I've had this LG front-load steam washer for 4 years.

Last night I decided to clean the pump filter, after having not done it in a long time. So I opened the access door and drained the water into a measuring cup. It was filthy! Then I took out the pump filter and found it clogged with hair and rubber bands. But I found something peculiar.

The hair was coated in a slimy blue substance. I thought immediately that it was attributed to our use of laundry detergent pacs. I think the plastic fails to dissolve completely in cold water, as on warmer temperatures, they dissolve completely. But on rare occasions, the partially dissolved pacs get thrown forward and onto the front seal!

Do you think that laundry detergent pacs are the cause of this mysterious blue slime? Here are some pics.

  Photos...       <              >      Photo 1 of 3         View Full Size

Post# 936866 , Reply# 1   5/6/2017 at 22:00 by Wishwash (Illinois)        

Do you use fabric softener? It also contributes to build up.

Post# 936878 , Reply# 2   5/6/2017 at 22:38 by Launderess (Quiet Please, There´s a Lady on Stage)        

launderess's profile picture
One, you need to do a better job of "fluffing" or whatever out your wash before it goes into tub. There shouldn't be that many rubber bands or whatever getting down into the filter area. Clean my Miele pump filter perhaps once a quarter or even less than twice a year, nothing is ever in the thing except the odd bit (dress shirt collar stay usually).

Two, if you are using "tap" cold water, depending upon your local climate and other conditions, yes, the pod may not be totally dissolving. What remains is either caught in boot and or otherwise is sucked down into the sump where it is caught by the filter.

If you do mostly cold (tap or otherwise) water washing and or even warm it is strongly recommended to do a "maintenance" cycle using hot or even near boiling water. As such high temperature water drains it will help dissolve and dislodge any gunk in sump so it can be pumped down the drain. Hair, rubber bands and other sort of things are another matter. They will need to be fished out manually.

Post# 936898 , Reply# 3   5/7/2017 at 00:35 by niclonnic (Bonney Lake, WA)        

@Wishwash Yes, I generally always use fabric softener. However, it doesn't really contribute to buildup. I've never seen it while using liquid detergent.

@Launderess I usually shake out laundry before washing it. I'm not sure how those rubber bands got down into the filter. These are the tiny rubber bands used for braces, which my sister has. I think she may have stuck them in her jeans pockets after using them.

The other problem has to do with dog bedding and blankets.

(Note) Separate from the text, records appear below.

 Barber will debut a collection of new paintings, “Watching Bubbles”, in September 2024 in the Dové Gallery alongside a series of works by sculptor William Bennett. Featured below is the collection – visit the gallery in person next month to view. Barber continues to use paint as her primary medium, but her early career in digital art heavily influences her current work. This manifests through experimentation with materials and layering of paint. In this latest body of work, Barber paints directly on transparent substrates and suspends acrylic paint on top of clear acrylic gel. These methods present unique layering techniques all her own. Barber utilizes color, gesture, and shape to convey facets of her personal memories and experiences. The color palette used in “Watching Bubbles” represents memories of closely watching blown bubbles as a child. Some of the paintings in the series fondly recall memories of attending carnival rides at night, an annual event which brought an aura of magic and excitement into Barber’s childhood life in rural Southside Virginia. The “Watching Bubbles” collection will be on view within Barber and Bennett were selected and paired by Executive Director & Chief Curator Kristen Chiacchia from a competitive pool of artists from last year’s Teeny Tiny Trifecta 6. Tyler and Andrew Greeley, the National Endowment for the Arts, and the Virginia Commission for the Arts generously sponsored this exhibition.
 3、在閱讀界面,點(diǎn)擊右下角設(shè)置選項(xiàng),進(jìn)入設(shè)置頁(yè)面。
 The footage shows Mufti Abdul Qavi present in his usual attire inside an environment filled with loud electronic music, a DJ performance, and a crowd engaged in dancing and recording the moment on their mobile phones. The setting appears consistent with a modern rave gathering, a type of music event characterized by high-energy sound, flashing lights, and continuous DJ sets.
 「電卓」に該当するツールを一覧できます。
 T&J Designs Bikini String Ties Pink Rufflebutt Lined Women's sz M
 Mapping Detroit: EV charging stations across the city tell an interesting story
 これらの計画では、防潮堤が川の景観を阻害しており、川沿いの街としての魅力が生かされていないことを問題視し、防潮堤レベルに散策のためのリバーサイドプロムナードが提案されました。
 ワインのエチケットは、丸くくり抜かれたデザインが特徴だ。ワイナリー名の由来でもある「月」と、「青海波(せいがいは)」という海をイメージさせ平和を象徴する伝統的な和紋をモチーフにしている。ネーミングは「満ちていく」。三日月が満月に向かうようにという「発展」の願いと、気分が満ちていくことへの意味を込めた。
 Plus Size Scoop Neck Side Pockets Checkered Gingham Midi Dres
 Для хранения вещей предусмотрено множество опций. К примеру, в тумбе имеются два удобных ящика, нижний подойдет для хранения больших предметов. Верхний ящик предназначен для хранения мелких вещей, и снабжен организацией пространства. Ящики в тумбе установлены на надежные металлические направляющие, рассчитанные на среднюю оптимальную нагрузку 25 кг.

My dad's girlfriend owns 2 large outdoor rescue dogs. They are both girls, and they shed quite a lot in their cages when sleeping. I can't really shake out the fur because it all gets stuck in the bedding and creates a big mess in the washer. So that's what clogs the filter the most.

I wash most of my laundry in warm water. However, my dad and his girlfriend generally wash their laundry in cold water, using the standard "cold" setting, which uses a tiny bit of warm water to activate the detergent. We have never used the "tap cold" setting. So that MAY be what's getting caught in the filter.

I do a "tub clean" cycle about once a month with no additives. This cycle uses steam and special washing motions to clean out the tub.

Post# 936906 , Reply# 4   5/7/2017 at 04:02 by Launderess (Quiet Please, There´s a Lady on Stage)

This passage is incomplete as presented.